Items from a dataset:
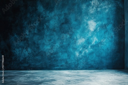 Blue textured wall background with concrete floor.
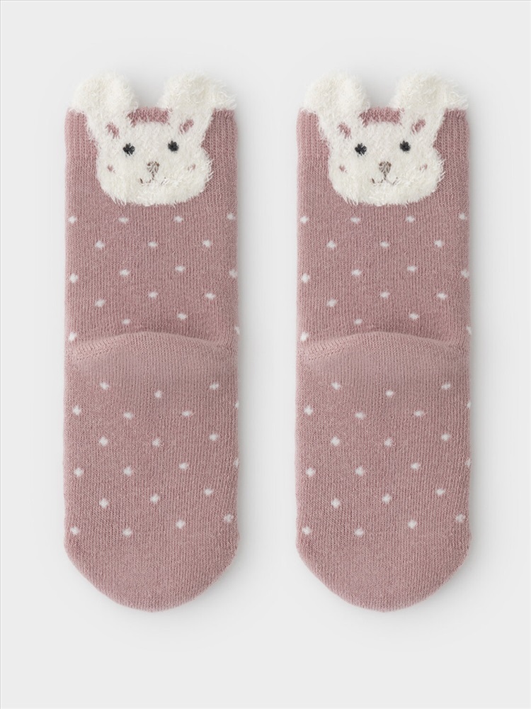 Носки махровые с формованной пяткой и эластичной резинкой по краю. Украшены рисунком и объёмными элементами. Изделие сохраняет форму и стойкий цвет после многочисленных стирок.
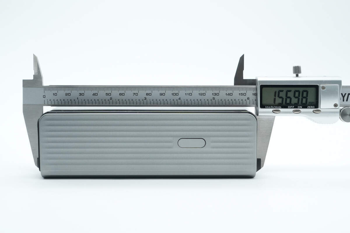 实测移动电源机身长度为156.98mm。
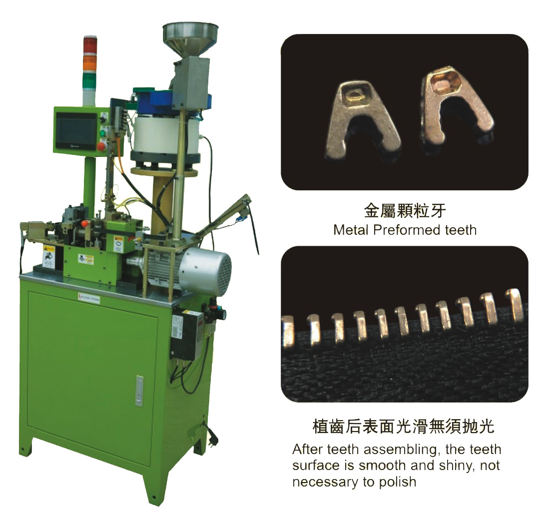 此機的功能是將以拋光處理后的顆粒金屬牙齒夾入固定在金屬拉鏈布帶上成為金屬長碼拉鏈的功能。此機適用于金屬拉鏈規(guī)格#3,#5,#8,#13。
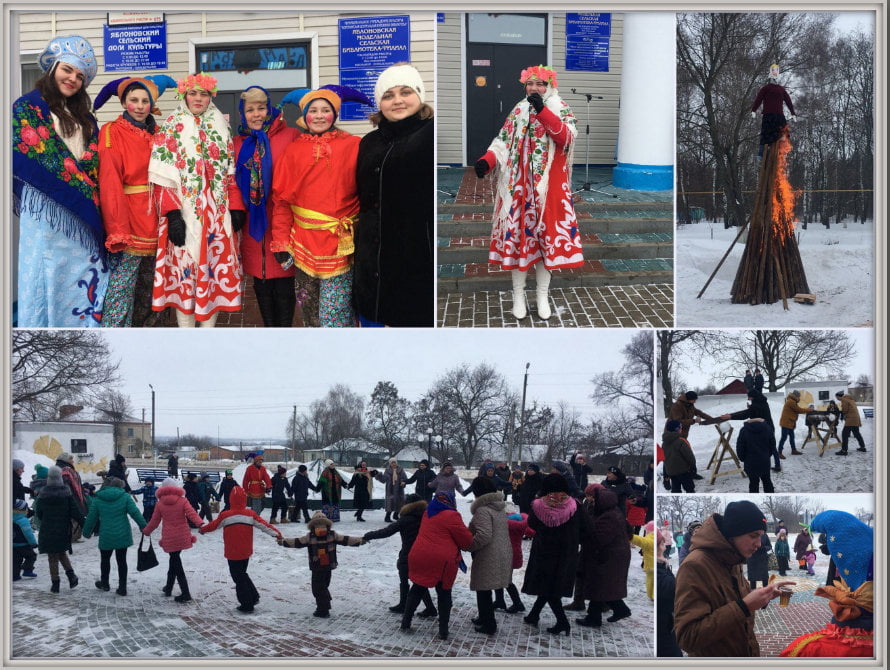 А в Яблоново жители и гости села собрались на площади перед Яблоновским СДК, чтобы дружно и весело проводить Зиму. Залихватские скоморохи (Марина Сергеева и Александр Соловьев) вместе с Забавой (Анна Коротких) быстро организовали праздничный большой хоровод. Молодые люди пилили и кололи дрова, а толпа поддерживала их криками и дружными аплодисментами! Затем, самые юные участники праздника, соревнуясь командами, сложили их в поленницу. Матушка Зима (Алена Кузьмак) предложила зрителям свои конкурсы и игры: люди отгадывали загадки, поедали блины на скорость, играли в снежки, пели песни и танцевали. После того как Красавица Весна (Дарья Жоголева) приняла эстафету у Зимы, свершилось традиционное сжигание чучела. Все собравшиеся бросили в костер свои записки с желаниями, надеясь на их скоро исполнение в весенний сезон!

* [TASK TO COMPLETE]:
Leave out all pictures and output each line exactly, from the top of the records through the line that holds "此機的功能是將以拋光處理后的".

* [SOLUTION]:
 Blue textured wall background with concrete floor.
 Носки махровые с формованной пяткой и эластичной резинкой по краю. Украшены рисунком и объёмными элементами. Изделие сохраняет форму и стойкий цвет после многочисленных стирок.
 实测移动电源机身长度为156.98mm。
 此機的功能是將以拋光處理后的顆粒金屬牙齒夾入固定在金屬拉鏈布帶上成為金屬長碼拉鏈的功能。此機適用于金屬拉鏈規(guī)格#3,#5,#8,#13。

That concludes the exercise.